Assignment: Once you reach the line containing "As seen in Figure" in the entries below, write out that line and each one after it down to the line containing "Energy H2 850x500", exactly and with nothing added.

Dataset entries:
::::::::
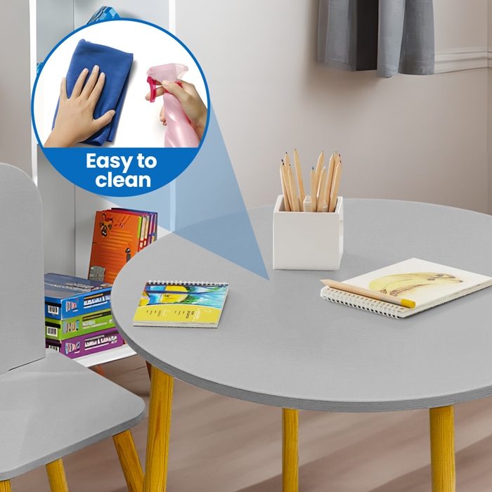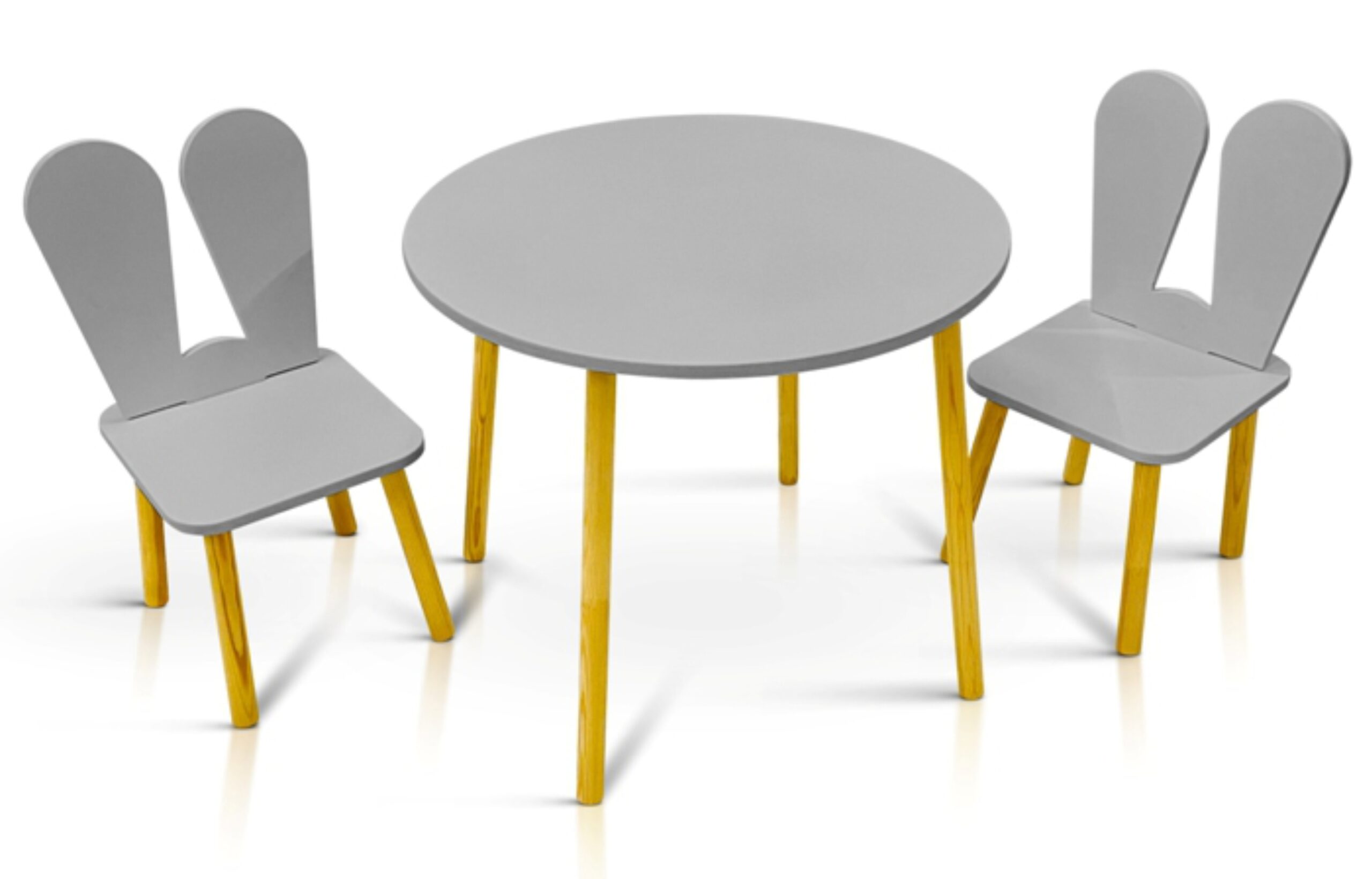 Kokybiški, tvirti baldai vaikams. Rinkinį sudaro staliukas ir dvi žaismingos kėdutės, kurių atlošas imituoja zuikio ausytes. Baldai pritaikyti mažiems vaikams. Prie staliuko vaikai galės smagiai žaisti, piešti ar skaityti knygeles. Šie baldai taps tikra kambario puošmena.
::::::::
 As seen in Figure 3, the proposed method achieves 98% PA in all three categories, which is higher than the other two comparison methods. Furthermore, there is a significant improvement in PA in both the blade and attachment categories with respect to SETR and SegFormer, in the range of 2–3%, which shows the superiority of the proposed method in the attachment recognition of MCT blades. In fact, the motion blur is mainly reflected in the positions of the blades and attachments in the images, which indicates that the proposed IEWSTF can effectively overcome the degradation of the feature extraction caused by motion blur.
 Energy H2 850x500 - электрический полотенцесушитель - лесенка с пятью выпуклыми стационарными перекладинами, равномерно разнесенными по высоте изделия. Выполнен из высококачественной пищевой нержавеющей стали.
::::::::
Answer to this problem:
 As seen in Figure 3, the proposed method achieves 98% PA in all three categories, which is higher than the other two comparison methods. Furthermore, there is a significant improvement in PA in both the blade and attachment categories with respect to SETR and SegFormer, in the range of 2–3%, which shows the superiority of the proposed method in the attachment recognition of MCT blades. In fact, the motion blur is mainly reflected in the positions of the blades and attachments in the images, which indicates that the proposed IEWSTF can effectively overcome the degradation of the feature extraction caused by motion blur.
 Energy H2 850x500 - электрический полотенцесушитель - лесенка с пятью выпуклыми стационарными перекладинами, равномерно разнесенными по высоте изделия. Выполнен из высококачественной пищевой нержавеющей стали.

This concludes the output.